Она приготовляла ему торжественную встречу, послала ему официальную грамоту от имени царей, в которой говорилось:
«Мы, великие государи, тебя, ближнего нашего боярина и сберегателя, за твою нам многую и радетельную службу, что такие свирепые и исконные креста святого и всего христианства неприятели твоею службою не нечаянно и никогда не слыханно от наших царских ратей в жилищах их поганских поражены и побеждены и прогнаны, и что объявились они сами своим жилищам разорителями: отложа свою обычную свирепую дерзость, пришел в отчаяние и в ужас, в Перекопе посады и селы и деревни все пожгли, и из Перекопа своими поганскими ордами тебе не показались и возвращающися вам не явились, и что ты со всеми ратными людьми к нашим границам с вышеописанными славными во всем мире победами возвратился в целости – милостиво и премилостиво похваляем».
Но Софья тщетно прославляла победы Голицына; все бояре роптали – им хорошо была понятна неудача и второго похода.
Голицын возвращался в Москву с триумфом.
Софья, встречая его, не могла даже при посторонних удержать своей радости: вся душа ее ликовала. Среди тревог и дурных предчувствий, которые на нее наплывали, единственным спасением, единственной отрадой казался ей Голицын.
Сам же он не разделял радости царевны.
Бояре, ненавидевшие его, но пока еще не смевшие выказывать чувств своих и поспешившие явиться к нему на поклон, никогда еще не видали его в таком удрученном и мрачном настроении духа.

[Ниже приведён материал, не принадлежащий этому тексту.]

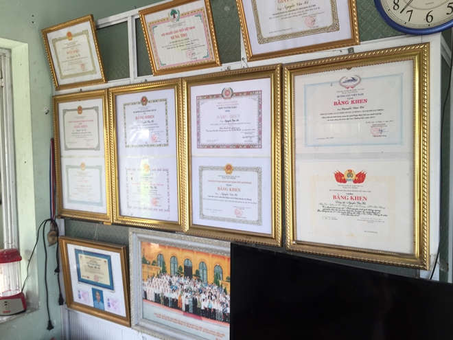 | Những tấm bằng khen được treo đầy trạm gác. |

Он хорошо видел, что звезда его счастья закатилась. Кругом враги – и несть им числа. Разразится гроза – кто за него заступится? Любовь Софьи не спасет его – правительница первая погибнет. Народ не скажет за него ни слова – народ не знает заслуг его, не может оценить его, не знает, что всю жизнь свою он работал для этого народа, для его будущего. Ведь эта невидимая и славная работа творится невидимо, и роскошные, вечно цветущие плоды ее созревают медленно, и не знает народ, кого благодарить за них. Для того чтоб заслужить любовь и защиту этого народа, нужно быть героем-победителем на ратном поле, а Голицын не победитель. Он мечтал, он надеялся славным походом завоевать себе большую силу, которую должен был бы прикрыть и спасти Софью, и вот теперь ему нечем спасти ее – и она и он скоро погибнут.
Теплым летним вечером среди высоко поднявшихся желтеющих хлебных полей по дороге из Преображенского в Москву медленно подвигалась запряженная четверкой коней тяжелая колымага. В колымаге сидели два человека. Один из них – рослый стройный красавец – юноша с едва еще пробивающимся над румяными губами темным пушком. Другой – человек уже не первой молодости, полный, белокурый, с веселым, сразу внушающим к себе доверие гладко выбритым лицом.
Юноша был одет в платье из тонкого сукна, расшитое позументами. Его спутник был в довольно коротком камзоле, стянутом кожаным поясом, и в маленькой пуховой шляпе. Он, очевидно, принадлежал к жителям слободы немецкой.
Солнце только что зашло, и в воздухе еще было много зною. Из высокой ржи, пестревшей васильками, путников то и дело обдавало душистым теплом. Кони поднимали целый столб пыли, которая заставляла старшего путника даже чихать, но юноша не обращал на нее никакого внимания. Он вытянул свои длинные большие ноги, обутые в высокие оборчатые сапоги, откинулся на мягкую подушку колымаги и, казалось, дремал.
– Заснул, что ли, государь? – обратился к нему на дурном русском языке его спутник, видимо, соскучась долгим молчанием, длившимся почти с самого Преображенского.
– Нет, не заснул, а больно замаялся нынче, язык не ворочается.
– Ну, этому-то мы сейчас поможем, – тут у меня есть, захватил с собою, пречудесная фляжечка. Глотни-ка, государь, усталость как рукой снимет.
– Давай, господин Лефорт, давай!
Лефорт вынул фляжку и, весело помаргивая своими бледно-серыми глазами, опушенными почти белыми ресницами, передал ее государю.
Петр Алексеевич с видимым удовольствием раз-другой приложился к фляжке.
– Славно! – сказал он, утирая губы. – Ну, как тут не любить этот самый напиток? Вон матушка то и дело твердит, что в нем и грех, и блуд, и всякие ужасы, только нет… Ну, чтоб я делал без этого напитка? На работе-то да в усталости вот выпил глоток – и совсем другим человеком стал, теперь хоть опять работай!